Farrell Lab @ Harvard University

Calibrating the tree: 2 methods

• Using a previously-published calibration
• Using fossil data

Calibrating the tree I: Using a previously-published calibration

There are generally two ways to put ages on nodes of a clock tree: 1) Use a previously-published rate of percent divergence for a particular gene versus time, or 2) Use fossil information (see next entry). Reported calibration rates often are in terms of uncorrected percent sequence divergence per million years ("uncorrected" means uncorrected for multiple hits). To use this value for your tree, compute all uncorrected pairwise distances for your taxa in PAUP. With menus, use File -> Save Distances to File, then Options -> Distance options and select uncorrected "p". The batch file would be (replacing [filename] with what you want to call the distance file, without brackets):

#nexus
begin paup;
dset distance=p;
savedist format=onecolumn file=[filename] undefined=asterisk;
end;

Examine the ensuing list (in PAUP or Microsoft Excel) to find a pair of taxa which have a percent divergence similar to the ones in the taxa used in the original calibration. Using these taxa, rather than the oldest or youngest pair, makes it more likely that the proportion of uncorrected multiple hits will be the same for the calibration and the pair being used to calibrate the entire tree (the rate of uncorrected divergence versus time will go down with time as multiple hits accumulate). The calibration rate can be used to determine the age of the node separating the chosen pair of taxa. The age of the node is then used to calibrate the rest of the tree.
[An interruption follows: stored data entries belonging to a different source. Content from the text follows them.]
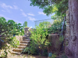 ---Au Rdc : La maison est solidement construite sur de belles caves et une cour intérieure sans vis à vis. Les escaliers en pierre serpentent sur deux paliers proposant de petites terrasses intimes et arborées.
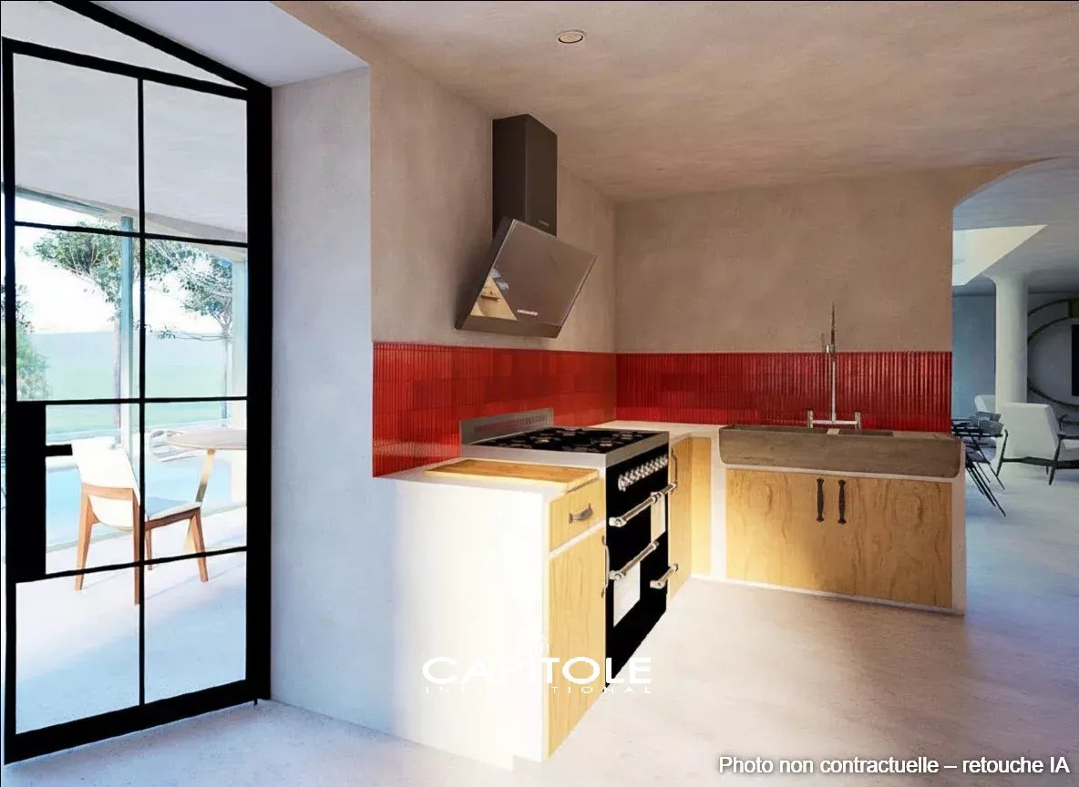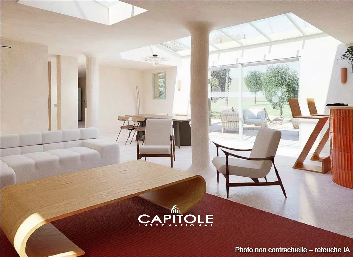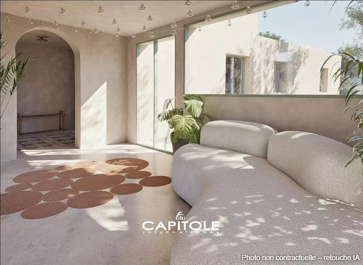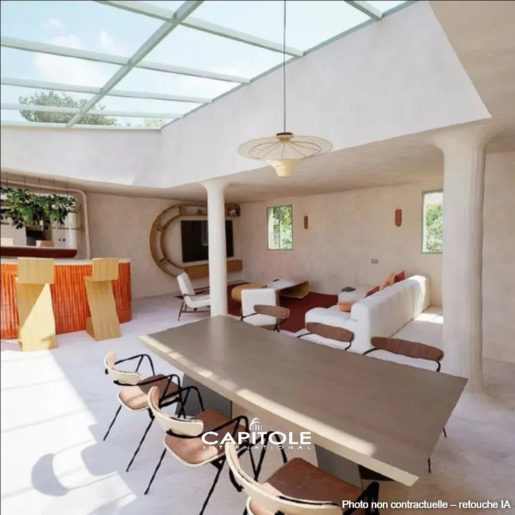 L’architecture contemporaine met en scène la lumière naturelle et les lignes épurées. Les espaces de réception, aux volumes généreux, s’organisent autour d’un salon spectaculaire sublimé par une verrière zénithale, créant une continuité harmonieuse avec la salle à manger. La cuisine, conçue comme un espace de vie à part entière, conjugue équipements professionnels, matériaux nobles et finitions haut de gamme, répondant aux exigences d’une clientèle avertie.
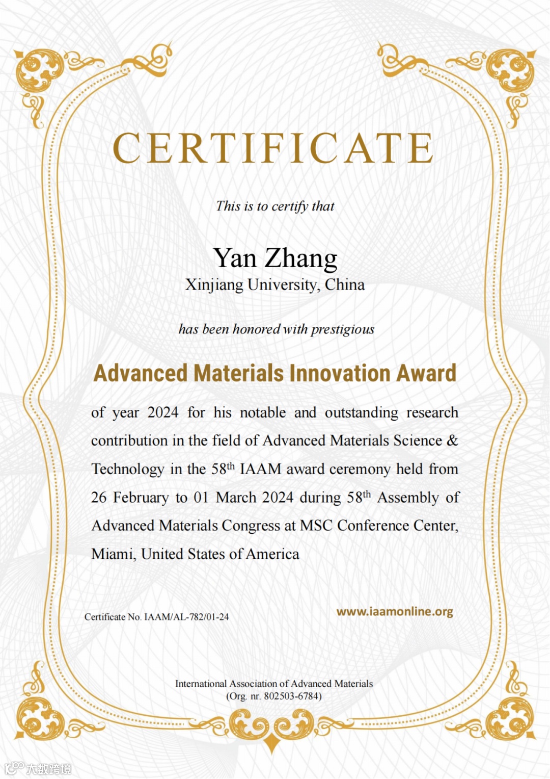 近日,在美国迈阿密MSC会议中心举行的第58届先进材料大会上,张岩副教授荣获国际先进材料学会颁发的先进材料创新奖(Advanced Materials innovation Award),以表彰其在先进材料科学与技术领域所取得的突出成就。

Calibrating the tree II: Using fossil data

The rate of molecular evolution may be affected by many things: mutation rate, generation time, and perhaps even body size. A calibration based on fossil data of the group being studied may be more accurate than a calibration from other organisms. Multiple calibration points will give the most precise estimate. Record infomation about all the fossils in the group, not just the oldest. Fossils tend to give just minimum ages for the group — think about ways to determine maximum ages, as well. For example, the group may not be older than the evolution of life on land, or may not be older than the oldest possible age (which is not the age of the oldest known fossil) of an obligate host. Biogeographic information may also be useful.

Fossil calibrations, and minimum ages in general, should be mapped to the stem of the clade (= the most recent common ancestor of the clade and its sister group). Maximum ages should be mapped to the most recent common ancestor (MRCA) of the clade constrained by that calibration (the "crown"). For example, if we have a calibration for birds using the oldest known bird fossil (a minimum age constraint), we know that the split between birds and their sister group had to happen eariler than that fossil, but not that the MRCA of the bird taxa included in our study lived before that fossil. In contrast, if we say that we know that Lepidoptera must have evolved after the first terrestrial plants (a maximum age constraint), we know that the MRCA of Lepidoptera cannot be older than that, but not that the split separating Lepidoptera from their sister group occurred after it. The total branch length from the present to the node of each constraint on the clock tree is recorded (the units do not matter, as long as the branch lengths are proportional to time). This information, plus the age and type of the calibration constraint, are entered into an Excel sheet which calculated the maximum and minimum possible rates given all the calibration points. This can easily be done manually, as well. Each branch length is then multiplied by these rates to get the maximum and minimum length of the branch in time. Note that the rate is actually applied to the whole tree at once — the tree is stretched or compressed by the maximum or minimum rates — the ratio of the ages of nodes does not change with the different rates. Other methods must be used to calculate error bars on the ages of nodes due to finite sequence length rather than uncertain calibration. These methods are explained in "Errors on node times."